Hi! When I create country plots to show how the mean of literacy for the variable LITBRIG has changed over time for each country, I notice that India, Bangladesh, and Zimbabwe have odd peaks, suggesting that literacy skyrocketed during one of the survey years and then went down drastically the following survey year. Is there an explanation for this? Thank you in advance!

LITBRIG is a categorical variable where values correspond to distinct responses rather than a specific literacy level (see the Codes tab for LITBRIG). Calculating the mean of LITBRIG will therefore not produce a meaningful literacy rate measure. For example, a value of LITBRIG = 20 identifies respondents who cannot read. Additionally, LITBRIG = 99 identifies respondents who are NIU (i.e., not-in-universe) for the variable. These are persons who were not asked questions that are required to determine LITBRIG. I suspect that these NIU respondents are causing your literacy rate measure to spike since there are a large number of NIU cases in the three samples you mention. While there are a number of reasons that a respondent might not be asked a particular question, information on who was asked the question(s) that correspond to a variable is summarized in the variable’s universe statement (see the Universe tab for LITBRIG). We recommend that new users review the detailed FAQ page on IPUMS-DHS; question 8 specifically deals with NIU data. Based on my review of this information and original DHS questionnaires, it appears that in India in 1998 and in Bangladesh in 2004, women who had completed grade 6 were not asked about their literacy. Additionally, in Zimbabwe in 1999 women who had ever attended secondary school were also not asked about their literacy.

In order to calculate the literacy rate using LITBRIG, you will need to code respondents to a new dichotomous variable that reports whether the respondent was literate or not. This will require dividing your sample into three groups: respondents who are literate (LITBRIG = 10, 11 and/or 12 depending on the threshold for literacy that you impose) should be assigned a value of one, respondents who are illiterate (LITBRIG = 20 and/or 12) should be assigned a value of 0, and respondents whose level was not ascertained, missing data, and not-in-universe NIU observations (LITBRIG = 31, 32, 98, and 99) should be assigned as missing and excluded from the measure. While it is unclear whether a respondent who was NIU for LITBRIG was literate or not (which is why NIU data is typically set to missing), you might consider coding NIU responses as literate if you have reason to believe that to be the case.

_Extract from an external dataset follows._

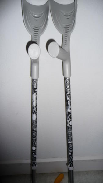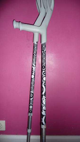 voilou vu que suis platré j'ai voulu custumisées mes bequilles trop communes a mon gout!!!lool!!merci decopatch!!

Using the recoding I have suggested above and PERWEIGHT to produce estimates that are representative of the country and survey universe, I estimate literacy rates for Bangladesh, India, and Zimbabwe, as well as Rwanda (see screenshot below). You can find sample R code in the IPUMS data training exercises to help you run a similar analysis.

You should also note that LITBRIG is generally only available for ever married women aged 15-49. This means that your measure would only be measuring the literacy rate for this group. For analyses of literacy rates for the entire population of a particular country, you can use the variable LIT on IPUMS International.